Poderíamos entender o amor de Deus se o próprio Deus não nos abrisse o entendimento? Segundo as escrituras NÃO. Porque o que nos afasta do amor de Deus são as nossas transgressões.
Quando Deus nos abre o entendimento, nos dá o privilégio de sermos filhos, então  pela ação do Espírito Santo, entendemos quão carentes somos da misericórdia do Altíssimo. Percebendo que os nossos semelhantes precisam desta tão grande dádiva.
O que posso fazer se o próximo não queira aceitar esta mensagem como fiel e digna de aceitação? Clamar a Deus para que tenha COMPAIXÃO daquela alma e sem dúvida alguma, AGRADECER a Ele pela minha.

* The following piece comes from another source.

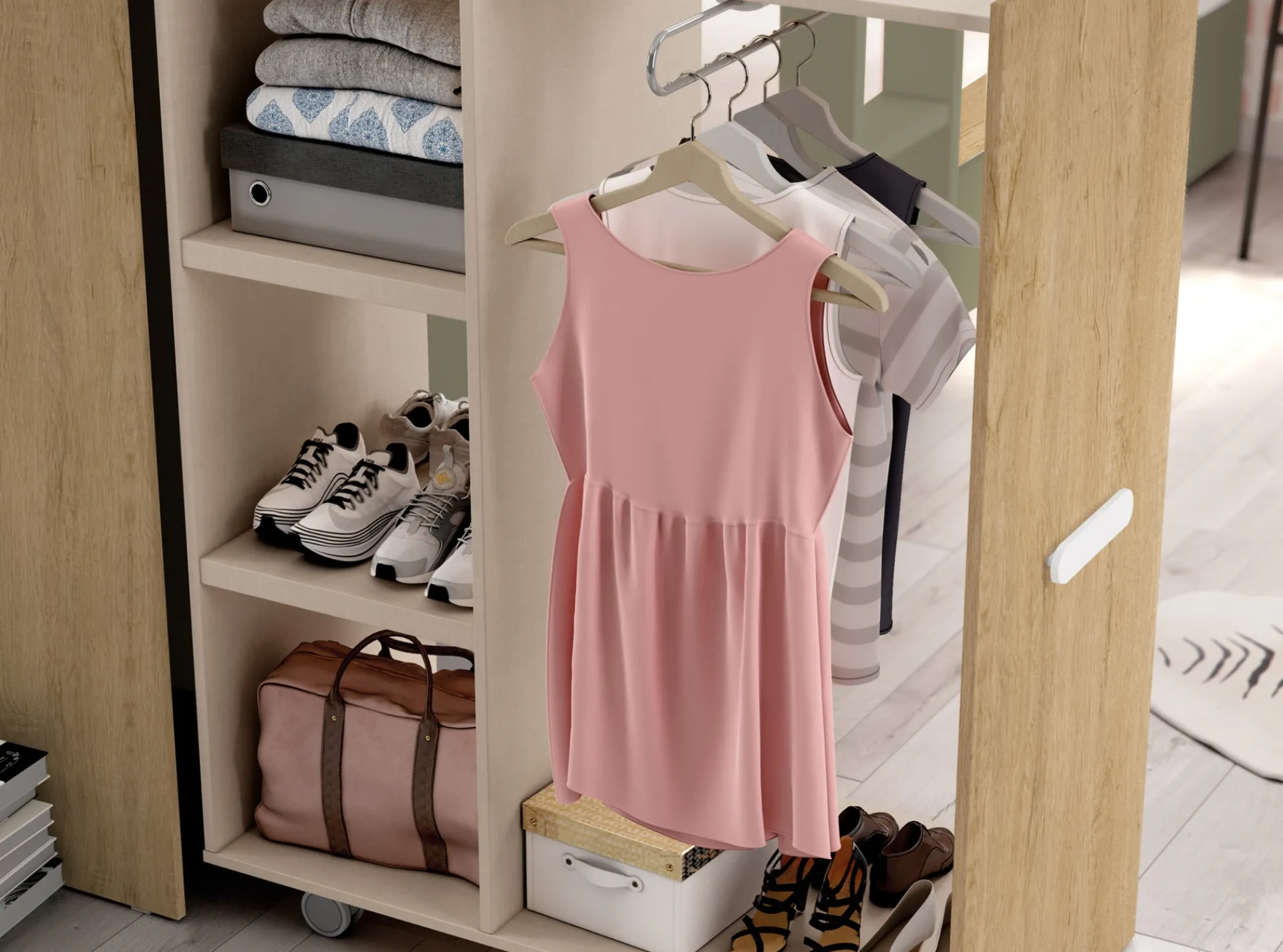 Módulo vestidor se desplaza sobre ruedas. Incluye 2 estantes fijos y una barra de colgar extraíble.

O Bom Samaritano deixou pago à estalagem a cura do pobre coitado que havia encontrado pelo caminho de Jerusalém. A mesma Jerusalém que matou os seus profetas e Crucificou o Messias enviado pelo grande amor que dos céus  lhes fora demonstrado.

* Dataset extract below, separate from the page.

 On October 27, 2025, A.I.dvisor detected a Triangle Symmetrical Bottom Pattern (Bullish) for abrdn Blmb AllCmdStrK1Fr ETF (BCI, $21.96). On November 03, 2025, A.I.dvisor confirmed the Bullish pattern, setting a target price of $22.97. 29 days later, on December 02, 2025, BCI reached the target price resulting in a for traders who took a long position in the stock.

Participaram dos milagres, mas não entenderam O MILAGRE.
Entendemos que O amor ESPIRITUAL difere do amor NATURAL.
O espiritual dá vida pela vida que nos foi dada. O natural brota  pelo sentimento, e todo sentimento humano é passageiro. O de Cima permanece.
O amor natural é eterno enquanto dura. O de Cima, o espiritual, é eterno enquanto buscarmos estar sob a GRAÇA, no amor do nosso REMIDOR.

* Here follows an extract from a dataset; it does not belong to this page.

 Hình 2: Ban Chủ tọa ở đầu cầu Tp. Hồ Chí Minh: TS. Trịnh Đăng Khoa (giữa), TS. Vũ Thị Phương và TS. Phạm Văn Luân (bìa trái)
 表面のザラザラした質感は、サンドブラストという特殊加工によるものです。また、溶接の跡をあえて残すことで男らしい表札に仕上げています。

1ª João 3.1  Vede que grande amor nos tem concedido o Pai, a ponto de sermos chamados filhos de Deus; e, de fato, somos filhos de Deus. Por essa razão, o mundo não nos conhece, porquanto não o conheceu a ele mesmo.
1ª João 3.23 Ora, o seu mandamento é este: que creiamos em o nome de seu Filho, Jesus Cristo, e nos amemos uns aos outros, segundo o mandamento que nos ordenou. E aquele que guarda os seus mandamentos permanece em Deus, e Deus, nele. E nisto conhecemos que ele permanece em nós, pelo Espírito que nos deu.
 
Se temos guardado os mandamentos, guardemo-nos do mundo.
 
Se honramos a Deus, tentemos amar ao próximo, como Ele nos amou. Não vamos nos iludir, só porque as palavras nos mencionam a sermos amorosos. O que daríamos pela salvação de um parente? Uma ponta da nossa unha quem sabe? Que daríamos de nós para atender as necessidades das viúvas? Venderíamos tudo? Dificilmente! Abriríamos mãos das coisas perenes para atender as necessidades emergentes de alguns? Que dirá das espirituais.